**Task requirements:**
Exactly as written, reproduce the lines from the beginning of the data through the line containing "Em outra gravação, já"; the pictures are not reproduced.

**Given data:**
━━━━━━━━━━━━━━━━━━━━

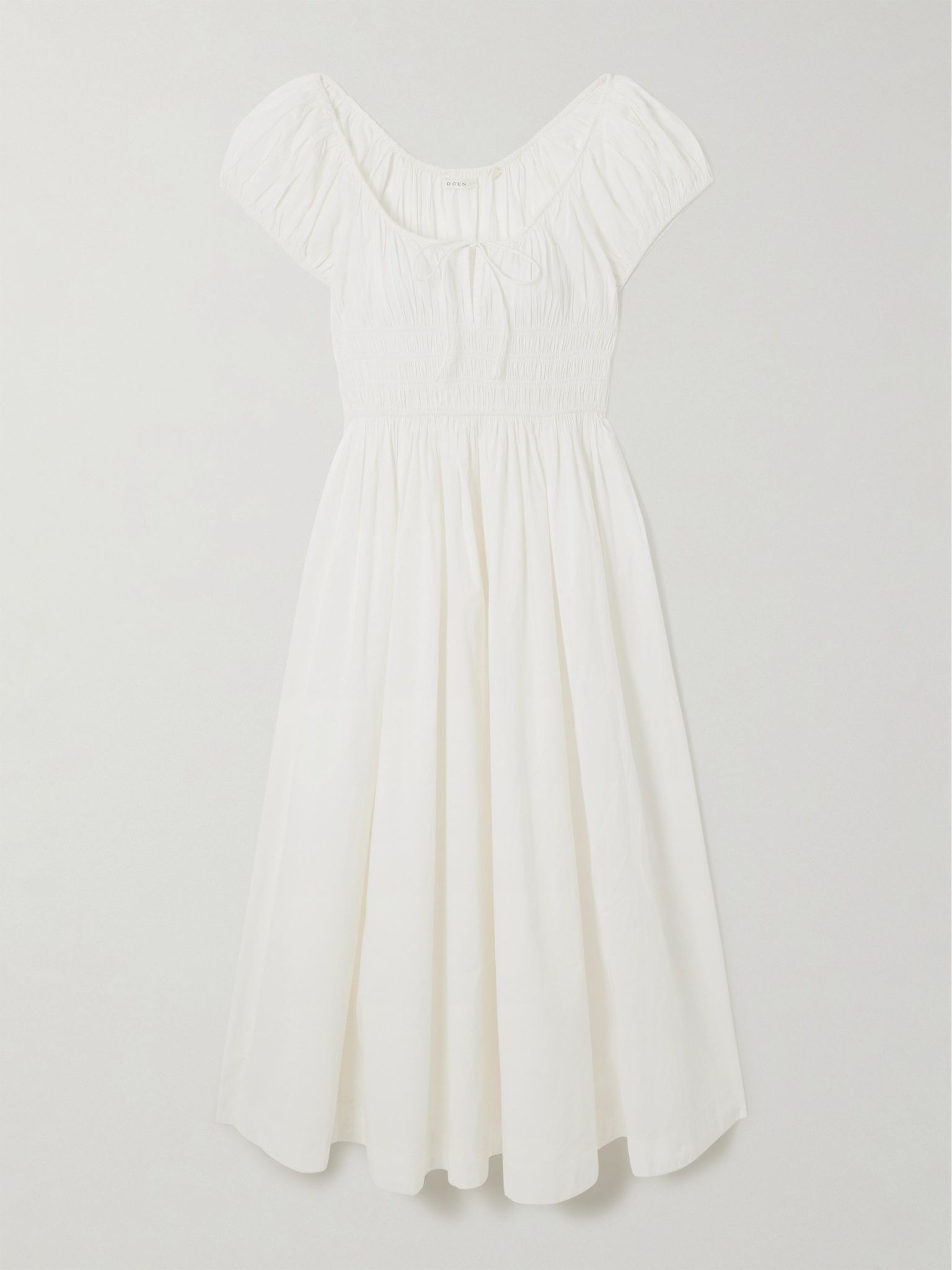 DOEN's romantic designs are inspired by the effortless style of the Californian coast. This prairie-like 'Quinn' dress is cut from crisp organic cotton-poplin that's shirred through the bodice and has pretty puffed sleeves. Size & Fit - Fits true to size, however those who are between sizes should take the smaller size - Designed to be fitted at the bust and waist, loose at the hip - Elasticated at the neckline and waist for a flexible fit - Lightweight, non-stretchy fabric - Model is 177cm/ 5'10" and is wearing a size Small Model measurements: - Bust: 80cm/ 31.5" - Waist: 60cm/ 23.5" - Hip: 89cm/ 35" Details & Care - Off-white organic cotton-poplin - Slips on - 100% organic cotton - Designer color: Salt
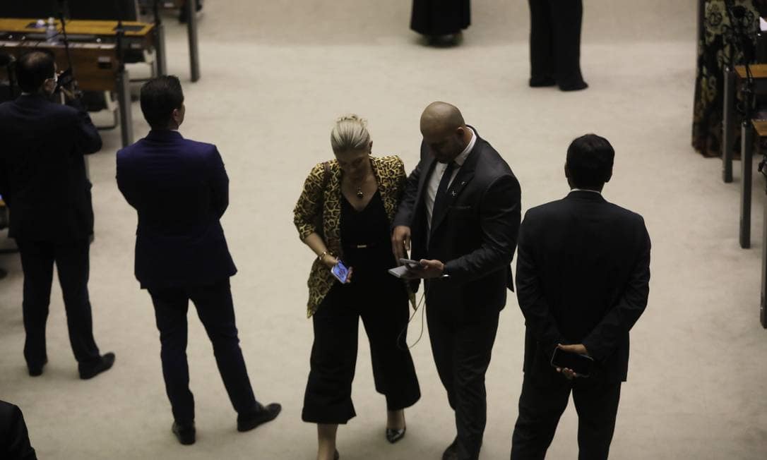 Em outra gravação, já na chegada à Câmara, Carla disse a repórteres que estava levando água e travesseiro para o aliado bolsonarista e que pelo menos oito pessoas estavam com ele naquele momento (mas não soube responder quantos passariam à noite no local).
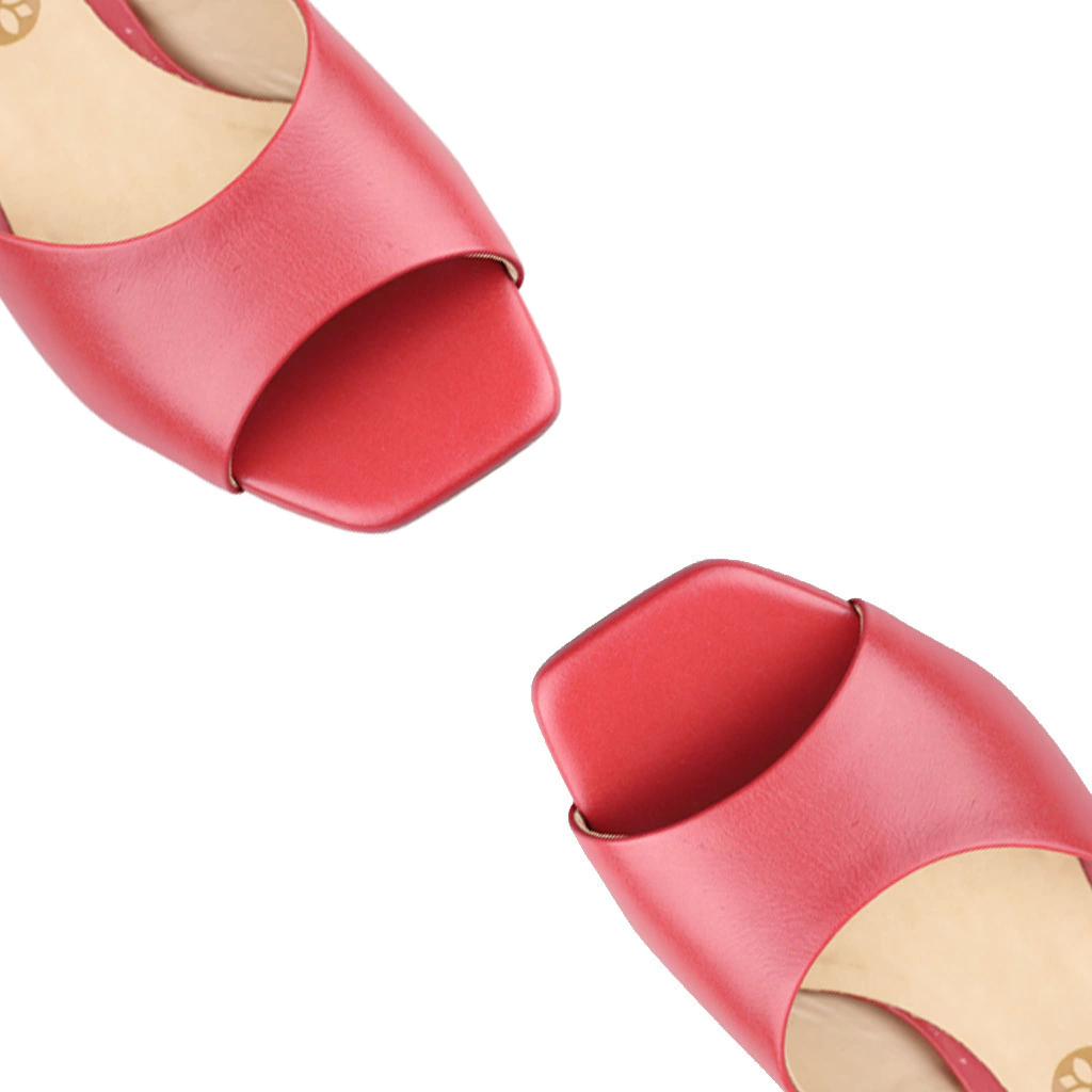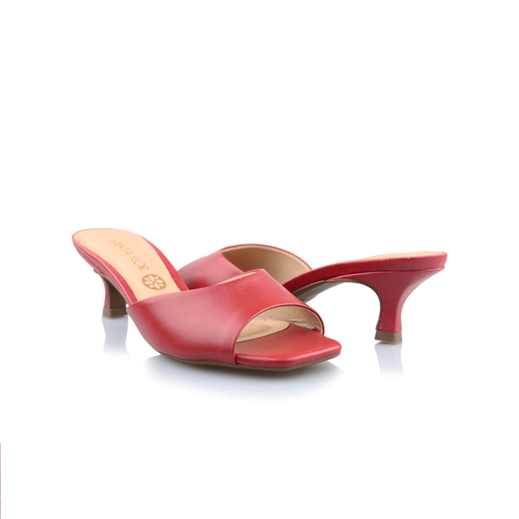 DESCRIÇÃO: A imagem mostra uma sandália de salto na cor vermelha, com um design elegante e moderno. O modelo possui uma abertura na frente, permitindo que os dedos fiquem à mostra, e um detalhe de corte em V na parte superior, conferindo um toque estiloso. O salto é levemente elevado, oferecendo uma altura confortável que combina bem com diversos looks. A parte interna é acolchoada, proporcionando um bom ajuste ao pé. Essa sandália é ideal para ocasiões sociais e eventos noturnos, adicionando um toque de cor e sofisticação a qualquer visual.

━━━━━━━━━━━━━━━━━━━━

**Response for this exercise:**
 DOEN's romantic designs are inspired by the effortless style of the Californian coast. This prairie-like 'Quinn' dress is cut from crisp organic cotton-poplin that's shirred through the bodice and has pretty puffed sleeves. Size & Fit - Fits true to size, however those who are between sizes should take the smaller size - Designed to be fitted at the bust and waist, loose at the hip - Elasticated at the neckline and waist for a flexible fit - Lightweight, non-stretchy fabric - Model is 177cm/ 5'10" and is wearing a size Small Model measurements: - Bust: 80cm/ 31.5" - Waist: 60cm/ 23.5" - Hip: 89cm/ 35" Details & Care - Off-white organic cotton-poplin - Slips on - 100% organic cotton - Designer color: Salt
 Em outra gravação, já na chegada à Câmara, Carla disse a repórteres que estava levando água e travesseiro para o aliado bolsonarista e que pelo menos oito pessoas estavam com ele naquele momento (mas não soube responder quantos passariam à noite no local).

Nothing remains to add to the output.